Cuba in the cross-hairs:
A near half-century of terror
By Noam Chomsky
The Batista dictatorship was overthrown in January 1959 by Castro's
guerrilla forces. In March, the National Security Council (NSC)
considered means to institute regime change. In May, the CIA began
to arm guerrillas inside Cuba. "During the Winter of 1959-1960,
there was a significant increase in CIA-supervised bombing and
incendiary raids piloted by exiled Cubans" based in the US. We
need not tarry on what the US or its clients would do under such
circumstances. Cuba, however, did not respond with violent actions
within the United States for revenge or deterrence. Rather, it followed
the procedure required by international law. In July 1960,
Cuba called on the UN for help, providing the Security Council with
records of some twenty bombings, including names of pilots, plane
registration numbers, unexploded bombs, and other specific details,
alleging considerable damage and casualties and calling for resolution
of the conflict through diplomatic channels. US Ambassador
Henry Cabot Lodge responded by giving his "assurance [that] the
United States has no aggressive purpose against Cuba." Four months
before, in March 1960, his government had made a formal decision
in secret to overthrow the Castro government, and preparations for
the Bay of Pigs invasion were well advanced.
Washington was concerned that Cubans might try to defend
themselves. CIA chief Allen Dulles therefore urged Britain not to
provide arms to Cuba. His "main reason," the British ambassador
reported to London, "was that this might lead the Cubans to ask
for Soviet or Soviet bloc arms," a move that "would have a tremendous
effect," Dulles pointed out, allowing Washington to portray
Cuba as a security threat to the hemisphere, following the script
that had worked so well in Guatemala. Dulles was referring to
Washington's successful demolition of Guatemala's first democratic
experiment, a ten-year interlude of hope and progress, greatly feared
in Washington because of the enormous popular support reported
by US intelligence and the "demonstration effect" of social and economic
measures to benefit the large majority. The Soviet threat was
routinely invoked, abetted by Guatemala's appeal to the Soviet bloc
for arms after the US had threatened attack and cut off other sources
of supply.
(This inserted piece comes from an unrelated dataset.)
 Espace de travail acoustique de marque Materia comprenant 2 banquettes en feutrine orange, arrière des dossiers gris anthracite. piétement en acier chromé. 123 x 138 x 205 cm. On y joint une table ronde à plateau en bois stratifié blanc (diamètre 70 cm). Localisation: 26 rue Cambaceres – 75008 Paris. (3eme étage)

The result was a half-century of horror, even worse than
the US-backed tyranny that came before.
For Cuba, the schemes devised by the doves were similar to those
of CIA director Dulles. Warning President Kennedy about the "inevitable
political and diplomatic fall-out" from the planned invasion
of Cuba by a proxy army, Arthur Schlesinger suggested efforts to
trap Castro in some action that could be used as a pretext for invasion:
"One can conceive a black operation in, say, Haiti which might
in time lure Castro into sending a few boatloads of men on to a
Haitian beach in what could be portrayed as an effort to overthrow
the Haitian regime, . . . then the moral issue would be clouded, and
the anti-US campaign would be hobbled from the start." Reference
is to the regime of the murderous dictator "Papa Doc" Duvalier,
which was backed by the US (with some reservations), so that an
effort to help Haitians overthrow it would be a crime.
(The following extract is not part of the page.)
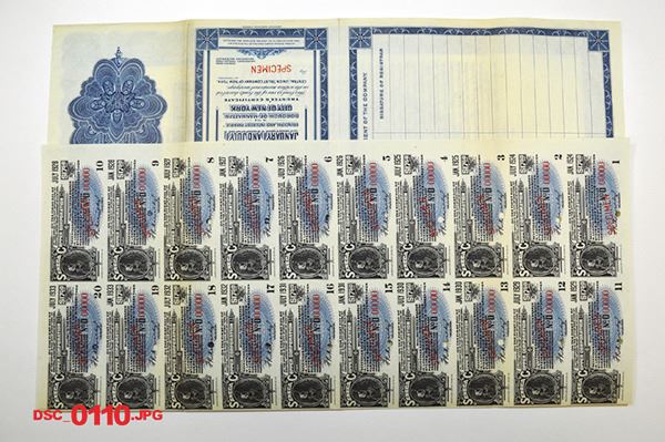 New York. $500 Specimen 7% First Mortgage Convertible Gold Coupon Bond. Black print with a large sized blue border and under tint. Vignette of men working in a mine at top of page. Specimen overprints, POC's, VF-XF condition with all coupons attached.

Eisenhower's March 1960 plan called for the overthrow of Castro
in favor of a regime "more devoted to the true interests of the
Cuban people and more acceptable to the U.S.," including support
for "military operation on the island" and "development of an adequate
paramilitary force outside of Cuba." Intelligence reported that
popular support for Castro was high, but the US would determine
the "true interests of the Cuban people." The regime change was to
be carried out "in such a manner as to avoid any appearance of U.S.
intervention," because of the anticipated reaction in Latin America
and the problems of doctrinal management at home.
Operation Mongoose
The Bay of Pigs invasion came a year later, in April 1961, after
Kennedy had taken office. It was authorized in an atmosphere of
"hysteria" over Cuba in the White House, Robert McNamara later
testified before the Senate's Church Committee. At the first cabinet
meeting after the failed invasion, the atmosphere was "almost savage,"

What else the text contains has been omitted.